# Sneak preview - 4WD Monaro



## PaulS (Jun 15, 2002)

Had a sneak preview of a rather special car up at Vauxhall motors today - it's the HSV Coupe 4 - a 4WD (yes!) Holden Monaro. It's the first production model and one of only 2 that exist at the Moment. It was shipped over from Australia and has been on a tour of Europe including testing at the Nurburgring. It's currently fitted with the 270kw engine, and auto transmission, but a 6.0 litre generation IV V8 (300kw) is in the pipeline. It uses Holdens permanent "CrossTrac AWD" system, developed in Australia. Grip around the ring was described as phenomenal!

I just want one!



















It looks like a big M3, and I love the wheels.

Here's a reveiw:

http://carsguide.news.com.au/news/story ... 86,00.html

Full set of pics @ http://groups.msn.com/paulsmonaro/shoebox.msnw?Page=1


----------



## scoTTy (May 6, 2002)

Interesting. I really didn't think Vauxhall would go for a 4WD in their cars!


----------



## PaulS (Jun 15, 2002)

scoTTy said:


> Interesting. I really didn't think Vauxhall would go for a 4WD in their cars!

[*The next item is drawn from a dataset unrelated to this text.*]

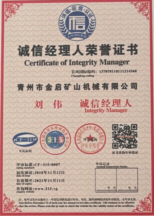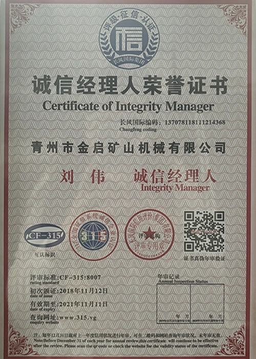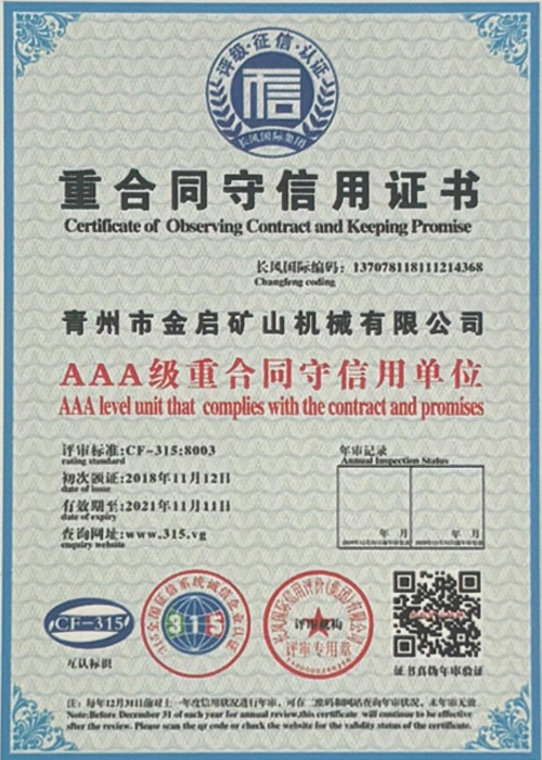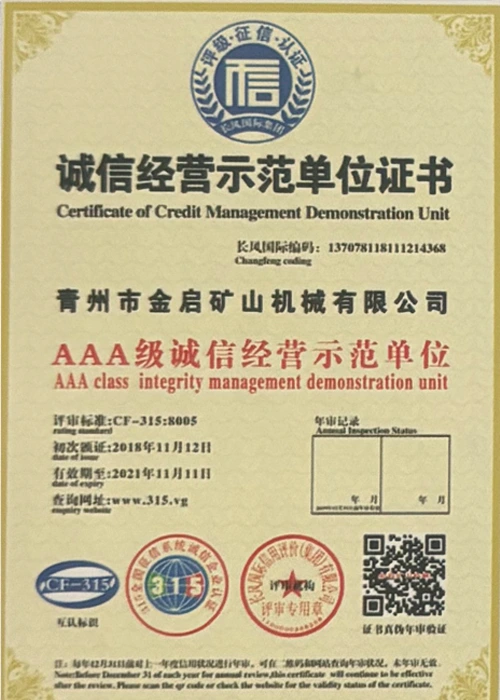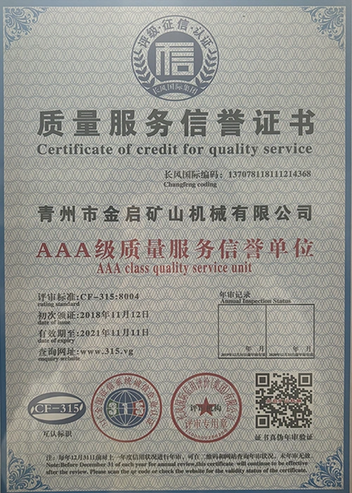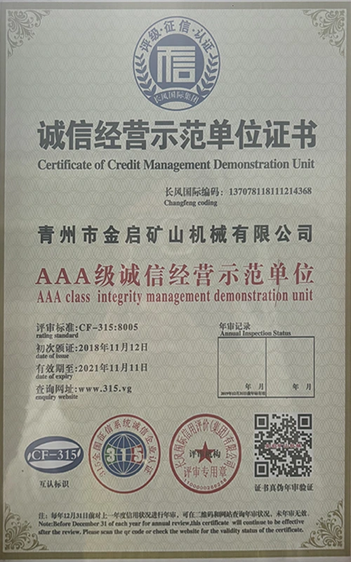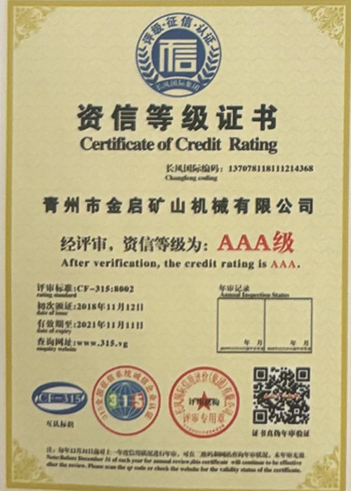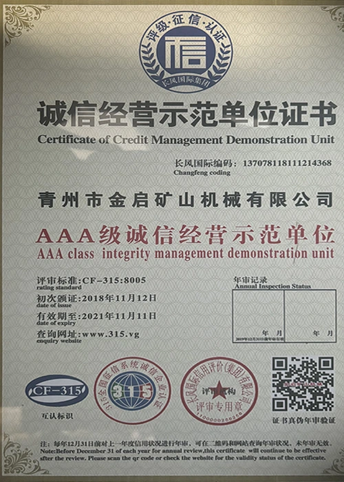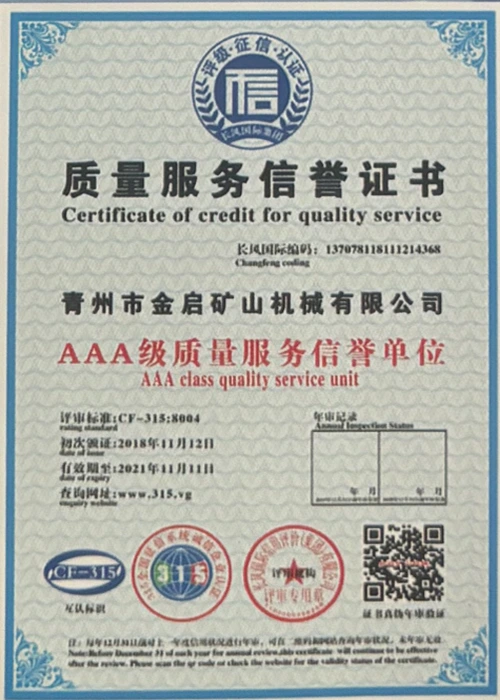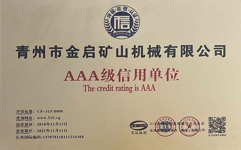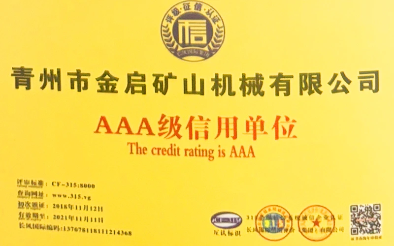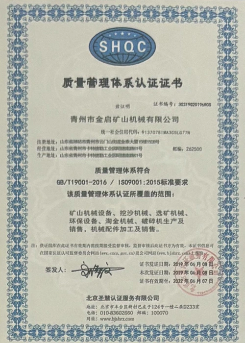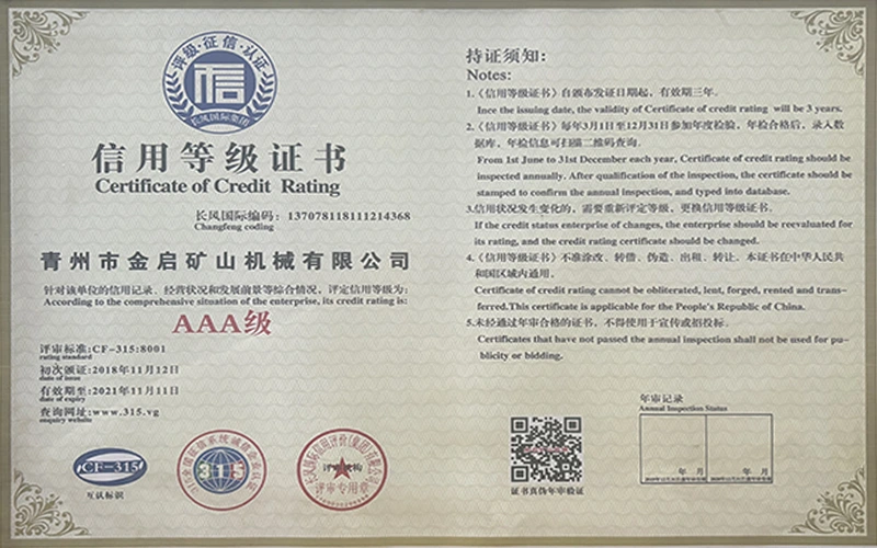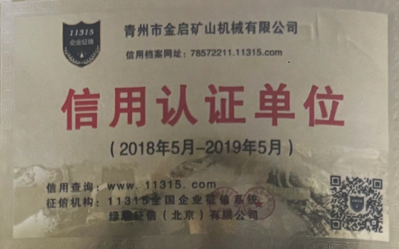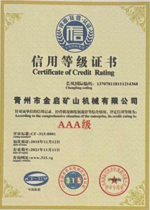 Med mange års dybdegående erfaring i branchen, afhængig af streng kvalitetskontrol og kontinuerlig teknologisk innovation, har virksomheden opnået en række autoritative kvalifikationer, certificeringer og patentcertifikater, herunder ISO kvalitetsstyringssystemcertificering, sikkerhedscertificering for minedrift, samt flere opfindelsespatenter og brugsmodelpatenter til optimering af udstyrsstruktur og garanti for dybtgående teknisk styrke og energibesparende teknologiopgradering af produktionen.

It's up at Vauxhall for evaluation, although it's unlikely that this model will ever be sold in the UK  The flared arches are needed to accomodate the slightly wider, 4wd drivetrain. The 382bhp 2wd Vauxhall Monaro VXR is the top model for the UK, at the moment. If you want one, and are very quick, you might be able to get the last one - apparantly 48 out of the original 50 allocation have been sold. In the next year or so, down under the Monaro will be getting the generation IV V8 with 6.0 litres (LS2), drive by wire throttle, and DSC as well as traction control. Vauxhall are bringing over a LS2 powered 'ute' soon, for promotional purposes - the rear deck of the car is being fitted out with AV kit by Sony.

Lots going on in Vauxhall at the moment :wink:

Courtesy of VM and their hospitality suite at Brands [smiley=thumbsup.gif] a group of us enjoyed watching one race in the British GT championship over the weekend:










On saturday it qualified towards the back of the grid @ position 20, out of 23, but finished 8th so it showed it's true pace, amongst some exotic machinery - Porsche GT3 RSR, Ferrari 360 modena, TVR Tuscan R, Ultima GTR, Corvette C5R to name a few!

Sunday - spun off and busted a front wishbone, so DNF 

All in all, a thoroughly enjoyable weekend


----------



## Silversea (Jun 18, 2002)

PaulS said:


> Grip around the ring was described as phenominal!
> 
> I just want one!
> 
> ...


It near brings a tear to my eye just thinking about that......... :lol:


----------



## PaulS (Jun 15, 2002)

Silversea said:


> PaulS said:
> 
> 
> > Grip around the ring was described as phenominal!
> ...


   :roll: :wink:


----------



## coupe-sport (May 7, 2002)

> Interesting. I really didn't think Vauxhall would go for a 4WD in their cars!


They've used it before in a number of models. Not quite with this level of sophistication though.

James.


----------



## stgeorgex997 (Feb 25, 2004)

PaulS said:


> Had a sneak preview of a rather special car up at Vauxhall motors today - it's the HSV Coupe 4 - a 4WD (yes!) Holden Monaro! It's the first production model and one of only 2 that exist at the Moment. It was shipped over from Australia and has been on a tour of Europe including testing at the Nurburgring. It's currently fitted with the 270kw engine, and auto transmission, but a 6.0 litre generation IV V8 (300kw) is in the pipeline. It uses a permanent fluid coupled 4wd system, developed in Australia. Grip around the ring was described as phenomenal!
> 
> I just want one!
> 
> ...


I saw one of these in Leman Street central London yesterday in black, didn't know what it was until today saw the vauxhall badge and did a double take

I'll try and get a snap on the phone if it's there today. Similar in size to the old calibra


----------



## Nando (Feb 5, 2004)

PaulS said:


> scoTTy said:
> 
> 
> > Interesting. I really didn't think Vauxhall would go for a 4WD in their cars!
> ...


I was there on the Sunday courtesy of TMD - retailer for Pagid and Monroe

Great day out - shame about the weather


----------



## garyc (May 7, 2002)

I am sure that I saw one of these yesterday on the M4 (BTW I saws two Monaros between Chippenham and Reading - dated common :wink: )

The souped up one was in a sort of steel grey with a hint of brown in it, and wearing the exact same (tacky :? ) body kit as in your photos. Their were badges each side of tailgate which I think said lindon and super- charged respectively?

Driving a BMW obviously I don't pay that much attention to other road users unless they are impeding my progress - but does that make any sense?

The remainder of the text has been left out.